These drugs should always be accompanied by inhaled steroids

Jul 27, 2006 08:12 GMT  ·  By

Dr Vassilis Vassiliou and Dr Christos Zipitis, from Addenbrooke's Hospital, Cambridge, have recently warned against the common use of drugs that help reducing asthma symptoms. In their article published in the Journal of the Royal Society of Medicine, the two medical experts called on the European watchdog concerned with medicines. They expressed their worries about how the saleterol and formoterol drugs might lead to a raise in the number of severe asthma attacks.

"The US Food and Drug Administration warned in July last year that salmeterol may be associated with rare serious asthma episodes or asthma-related deaths and it is crucial the European Medicines Agency follow.
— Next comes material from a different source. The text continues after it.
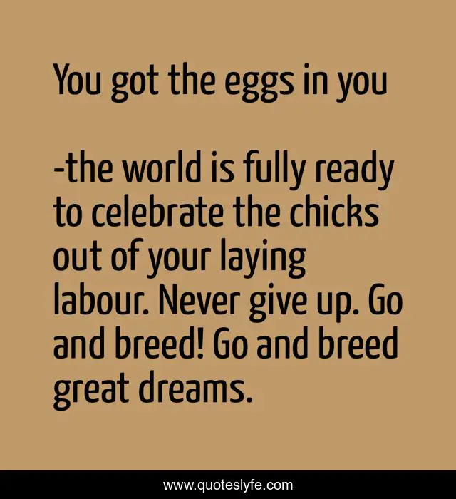 "the world is fully ready to celebrate the chicks out of your laying labour. Never give up. Go and breed! Go and breed great dreams. Quotes." Quoteslyfe.com, 2025. Fri. 05 Dec. 2025. <https://www.quoteslyfe.com/quote/You-got-the-eggs-in-you-89191>.

While there is provision in the British Thoracic Society guidelines for LABA drugs to be discontinued if they are not deemed useful after a trial period, this is not being reinforced. It is critical that current evidence on asthma drugs is incorporated in clinical practice," the authors of the medical article stated.
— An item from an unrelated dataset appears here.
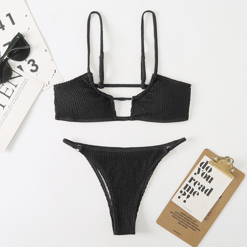 送料無料 セクシーなビキニ 2022 リブ無地バンドー水着水着女性 Tバックビキニセット海水浴者水泳ビーチウェア水着 AE121288787877159278708

The two drugs - saleterol and formoterol - that could bring about higher mortality rates in the range of asthmatics that commonly use them are known as Long-Acting Beta-Agonist drugs (LABA). Dr. Vassiliou and Dr. Zipitis claim that these drugs should not be recommended by physicians to so many patients, ad libitum, and always accompanied by inhaled steroids.

"We are seeing an increasingly worrying trend where chronic asthma sufferers, mainly children, are being treated solely by LABA drugs. LABA on its own is not safe and this monotherapy is neither supported by current evidence nor encouraged by the current British Thoracic Society guidelines," Dr. Vassilis Vassiliou argued.